2. The membrane unit of Claim 1 wherein the composition of the reinforcing material is of the same composition as the membrane.

3. The membrane unit of Claim 1 or 2 wherein the membrane material has at least one opening and the reinforcing material is heat sealed to the membrane material through the opening.

4. The membrane unit of Claim 1, 2 or 3 wherein the reinforcing material has a thickness of from 0.076 to 0.51 mm.

5. The membrane unit of any one of the preceding claims wherein the reinforcing material has a heavier scrim than that of the membrane material.

6. The membrane unit of any one of the preceding claims wherein the membrane material is composed of fluorocarbon polymers having a plurality of pendant sulfonic acid groups, carboxylic acid groups or mixtures of sulfonic acid groups and carboxylic acid groups.
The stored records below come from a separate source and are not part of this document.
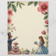 Get lost in a whimsical tea party with this delightful paper featuring Alice and the Mad Hatter. It showcases Alice holding a teacup and the Mad Hatter gesturing towards a tiered teacup stand, framed by a beautiful border of large pink flowers. With unlimited creative possibilities, this paper is perfect for invitations, scrapbooking, junk journaling, and other personalized projects. Printed in high-quality, full-color on thin matte paper, it's designed to bring a crisp, professional look to your personal or business mailings. Add personal photos and text for no additional upcharge, making it a versatile and memorable addition to any project.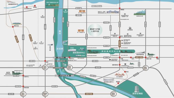 【配套篇】-交通3、14号线双地铁环绕,通达机场、西安北站、高新区及主城各区。奥体大道、港务大道等城市干道近邻,链接全城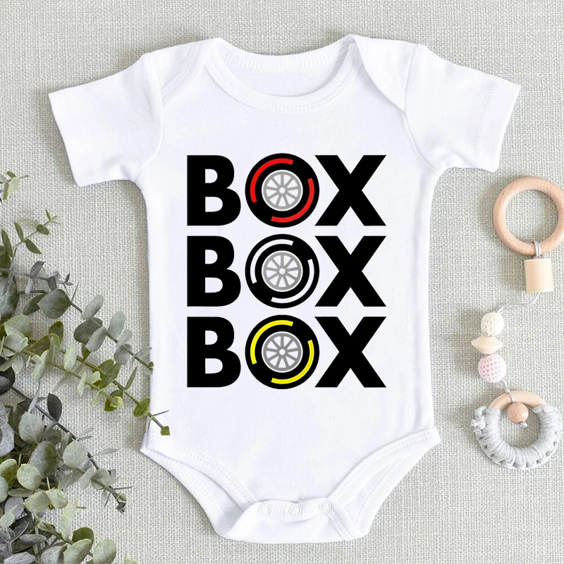"Box Box Box" F1 Tyre Compound Design Newborn Bodysuit Short Sleeve Jumpsuit Boy Girl Baby Clothes Soft Cotton Infant Romper

7. An electrolytic cell comprising the membrane of Claim 1 separating at least two electrode compartments.

8. A method of sealing an electrolytic cell comprising the steps of

(a) interposing at least one gasket between at least one electrode frame and an ion exchange membrane in an electrolytic cell, said membrane comprising at least one layer of a material adapted for use as an ion exchange membrane and at least one layer of a material adapted to reinforce the membrane, said reinforcing layer being secured to at least one side of the membrane around the gasket-bearing peripheral surface of the membrane; and

(b) applying a compressive force to the cell.